- _TO DO_
Starting at the line containing "Модные Кварцевые часы" and ending at the line containing "생기한의원과 함께하신 생생한 자필 및 영상 후기를 소개합니다.", print every line of the material below exactly, both ends included, and stop there.

- _SOURCE MATERIAL_
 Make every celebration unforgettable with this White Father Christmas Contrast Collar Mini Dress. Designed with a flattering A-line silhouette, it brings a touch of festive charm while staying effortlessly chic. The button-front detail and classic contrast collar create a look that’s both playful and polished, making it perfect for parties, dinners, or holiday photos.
...
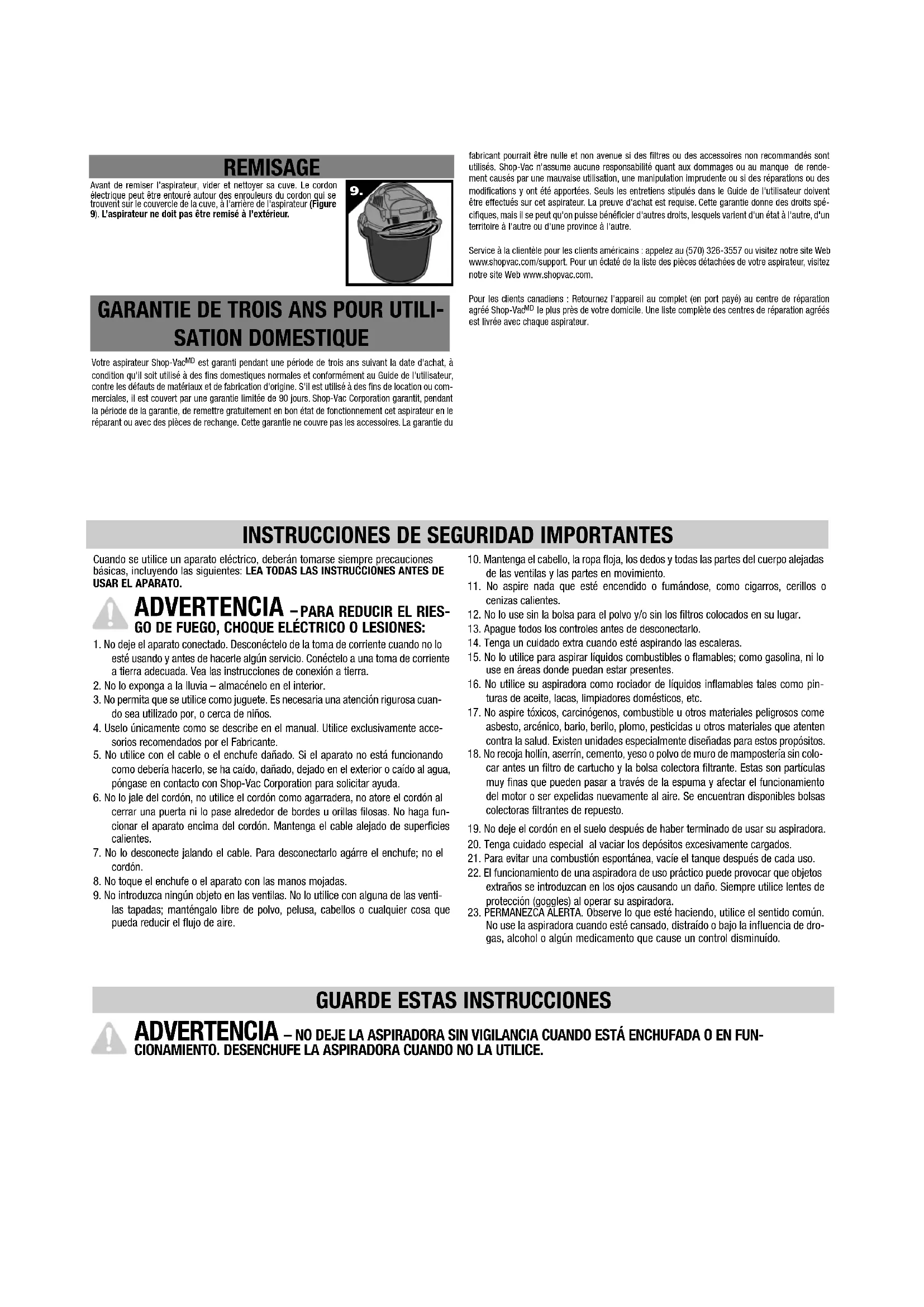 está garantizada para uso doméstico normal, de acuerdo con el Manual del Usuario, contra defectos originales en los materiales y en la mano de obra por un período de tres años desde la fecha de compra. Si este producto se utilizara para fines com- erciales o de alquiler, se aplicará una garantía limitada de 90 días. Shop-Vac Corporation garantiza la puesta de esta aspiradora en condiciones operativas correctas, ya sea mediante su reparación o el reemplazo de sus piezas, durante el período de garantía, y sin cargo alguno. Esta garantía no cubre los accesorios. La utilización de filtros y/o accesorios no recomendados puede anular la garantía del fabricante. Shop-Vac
---
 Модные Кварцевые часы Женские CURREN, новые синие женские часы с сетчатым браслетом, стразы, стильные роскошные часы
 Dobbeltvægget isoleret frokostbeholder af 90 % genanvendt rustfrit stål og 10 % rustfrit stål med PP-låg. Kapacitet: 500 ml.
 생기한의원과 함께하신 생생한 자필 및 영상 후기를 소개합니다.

- _ANSWER BOX_
 Модные Кварцевые часы Женские CURREN, новые синие женские часы с сетчатым браслетом, стразы, стильные роскошные часы
 Dobbeltvægget isoleret frokostbeholder af 90 % genanvendt rustfrit stål og 10 % rustfrit stål med PP-låg. Kapacitet: 500 ml.
 생기한의원과 함께하신 생생한 자필 및 영상 후기를 소개합니다.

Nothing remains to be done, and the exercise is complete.